Five Major Problems with James Comey’s Latest Russia Probe Testimony

James Comey Jr., nominee to be director of the Federal Bureau of Investigation (FBI), test
Mark Wilson/Getty

In testimony before the House Judiciary and House Oversight Committees, former FBI Director James Comey made numerous assertions that are seemingly at odds with other statements he made during the course of the same testimony.

Comey also made claims that raise questions about his actions as FBI director or are contradicted by information presented by others.

Breitbart News reviewed the full transcript of Comey’s testimony last Friday. Below, in no particular order, are five problematic aspects to claims made by the embattled former FBI director.

1 – Comey says that the FBI’s Russia collusion investigation was not initiated by the anti-Trump dossier financed by Democrats. Yet earlier in the same testimony, he states that he doesn’t remember the “factual predicate” that launched the FBI’s investigation, and he cannot recall ever seeing the bureau’s initiation document that officially started the probe.

Here is where Comey stated twice that the dossier did not launch the probe:

QUESTION: Director Comey, do you agree with Mr. Baker (former FBI counsel James Baker) that the initial allegation in the FBI’s counterintelligence operation into the Trump campaign’s potential coordination with the Russian Government, quote/unquote, had nothing to do with the Steele dossier?

Mr. Comey: Yes. That’s correct

QUESTION: Mr. Comey, was the FBI’s investigation into Russian interference and potential coordination with the Trump campaign started by a fraudulent dossier?

Mr. Comey: It was not.

Mr. Deutch: Can you explain how you know that?

Mr. Comey: Because I know what the basis was for starting the investigation. It was the information we’d received about a conversation that a Trump foreign — campaign foreign policy adviser had with an individual in London about stolen emails that the Russians had that would be harmful to Hillary Clinton. It was weeks or months later that the so-called Steele dossier came to our attention.

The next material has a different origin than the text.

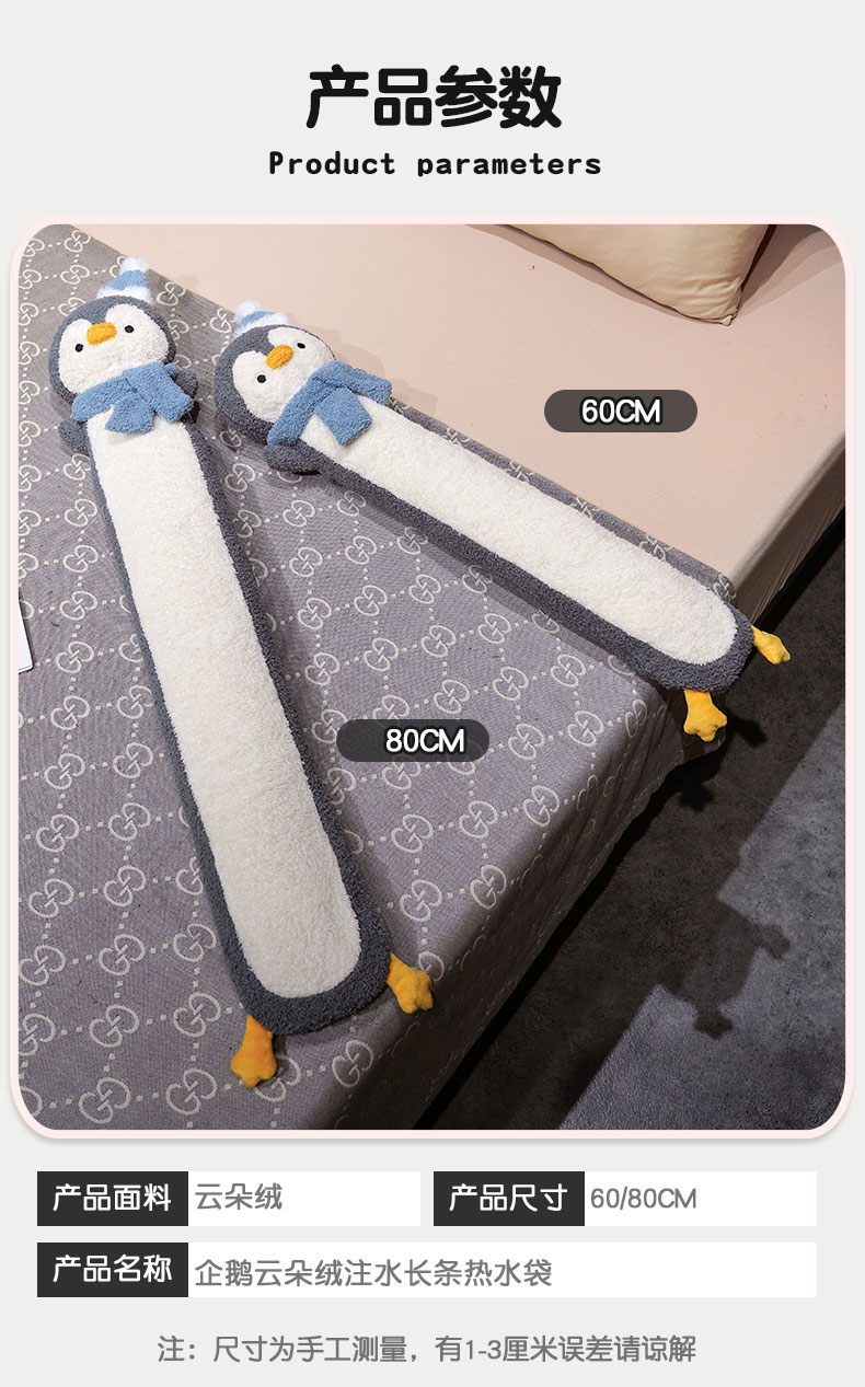 商品名称:仟亿莱 2025新款108企鹅云朵绒注水长条热水袋抱枕 灰色企鹅

While Comey conveys certainty that the dossier was not involved in launching the probe, he earlier stated that he doesn’t “remember precisely” the “factual predicate” that led to the FBI’s investigation.

He made those comments here:

Mr. Gowdy: Director Comey, can you tell us the factual predicate that may have led to the launching of that counterintelligence investigation?

Mr. Comey: I don’t think that I can describe the factual predicate for two reasons: I don’t remember precisely; and to the extent I remember, I think those are classified facts that implicate the concern the Bureau just expressed.

Comey also repeatedly stated that he cannot recall ever reading the FBI’s initiation document that launched the probe.

2 – Comey claimed he “did not know for sure” how Steele’s dossier reached the FBI. Yet John McCain repeatedly stated that he personally hand delivered the dossier directly to Comey. It is true that McCain delivered the dossier to the FBI after the agency reportedly obtained it earlier by other means, but Comey’s direct involvement in later receiving the dossier raises questions about the veracity of his statements.

“How did Chris Steele’s information reach the FBI?” Comey was asked generally. The question did not refer to any specific time period.

“I don’t know for sure,” Comey answered. “I have some recollection that he passed it to an agent that he knew and that that agent sent it on to headquarters. I think that’s the way in which it reached the Counterintelligence Division, but I don’t remember the specifics of that.”

In a book published earlier this year, The Restless Wave, McCain, the late Arizona senator, wrote that he gave Steele’s dossier to Comey on Dec. 9, 2016.

In October 2017, McCain also said that he gave Steele’s material to the FBI. “I gave it to no one except for the director of the FBI. I don’t know why you’re digging this up now,” McCain told the Daily Caller during what the news website described as a testy exchange. A reporter had asked McCain whether he was the source who provided the dossier to BuzzFeed News.

The founders of the controversial opposition research firm Fusion GPS previously admitted that they helped Steele share the document with McCain.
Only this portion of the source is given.